Das Land­rats­amt sieht kei­nen Zusam­men­hang zwi­schen Müll­um­la­de­sta­tion und Krä­hen­schwarm. “Das sagen unsere Fach­leute von der Unte­ren Abfall­rechts­be­hörde”, teilte die stell­ver­tre­tende Kreis­spre­che­rin, Silke Hart­mann, auf Anfrage der RNZ mit. Andere Behör­den haben andere Erkennt­nisse. Die Lan­des­an­stalt für Umwelt, Mes­sun­gen und Natur­schutz Baden-Württemberg beschreibt auf ihrer Home­page aus­führ­lich den “Schutz von Fel­dern” vor Krä­hen durch akus­ti­sche Mit­tel. Darin heißt es auch: “Krä­hen, die es gewohnt sind, auf einer nahe­ge­le­ge­nen Müll­de­po­nie zu fres­sen, las­sen sich schlech­ter ver­trei­ben als Krä­hen ohne Depo­nie­bin­dung.” Dazu Jagd­päch­ter Gat­tung: “Die gehen hier nicht mehr weg. Solange die Umla­de­sta­tion da ist, sind die Krä­hen da.”

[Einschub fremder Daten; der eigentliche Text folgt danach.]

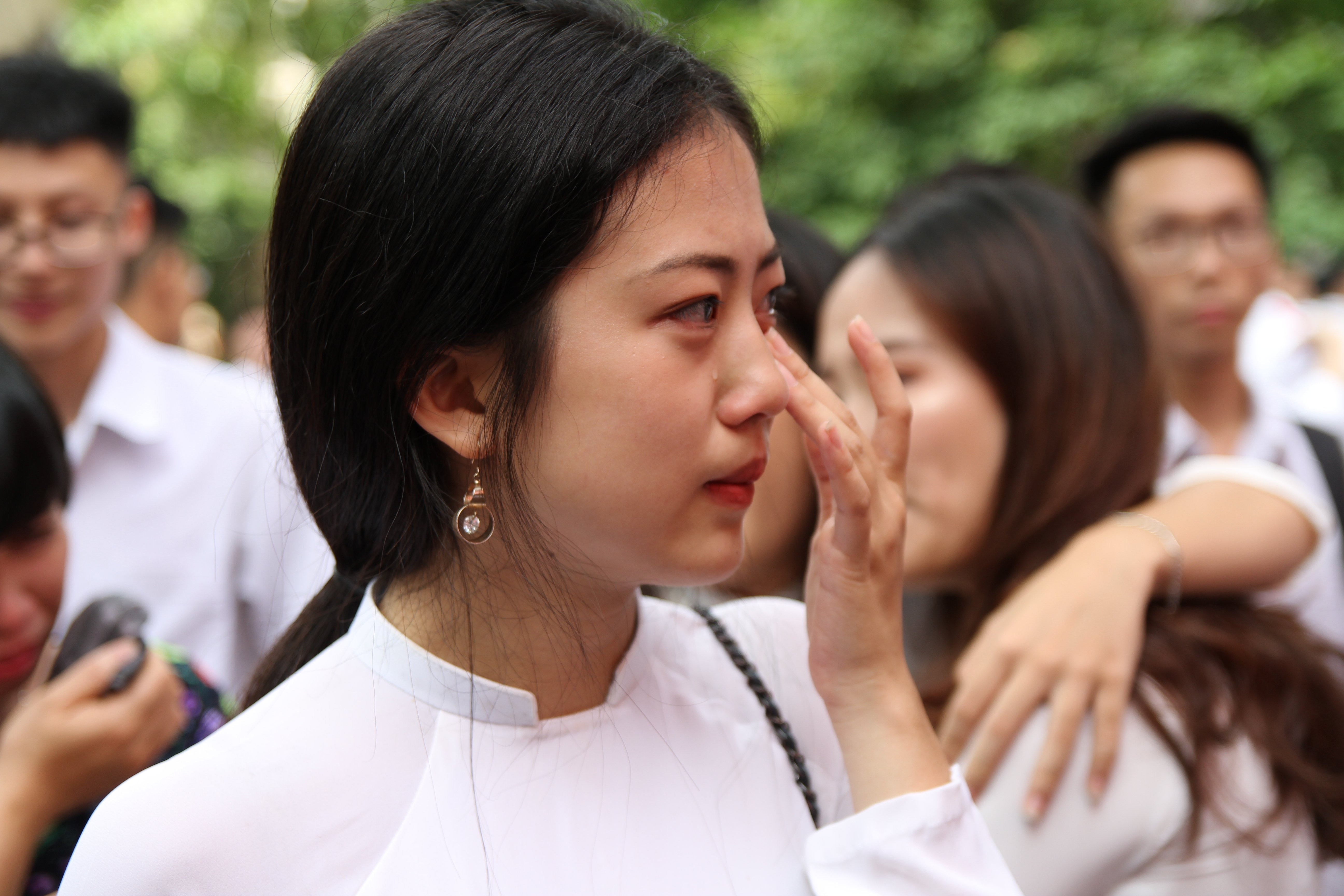 Một vài nữ sinh không kìm được giọt nước mắt khi sắp phải xa trường, lớp và thầy cô.

Inzwi­schen haben sich auch andere Land­wirte bei der RNZ gemel­det. Sie bestä­tig­ten große Schä­den an Obst und Gemüse durch die Raben­vö­gel. Zudem sei die Rat­ten­plage immens. Sie alle fra­gen sich, warum das Land­rats­amt als zustän­dige Fach­be­hörde die Geneh­mi­gung zum offe­nen Hand­ling des Sied­lungs­mülls in unmit­tel­ba­rer Nach­bar­schaft zu den bebau­ten Fel­dern erteilt hat. “Nach immis­si­ons­schutz­recht­li­chen Bedin­gun­gen lie­gen die Vor­aus­set­zun­gen für eine Umla­de­sta­tion vor”, erklärte Hartmann.

Für Dittrich keine befrie­di­gende Ant­wort. “Der Kreis hat durch die Geneh­mi­gung das Pro­blem geschaf­fen und die­sen Schwarm quasi gezüch­tet.” Hagel­schutz­netze über den drei betrof­fe­nen Plan­ta­gen wären wohl die ein­zige Lösung. Sol­che, die zugleich die Gefahr für klei­nere Vögel mini­mie­ren, sich zu ver­hed­dern. Für den Obst­bau­be­trieb Hauck stellt sich die Frage, wer ihm das bezahlt. Heute tref­fen sich Ver­tre­ter von Sita Deutsch­land aus Köln mit Dittrich zum Gespräch.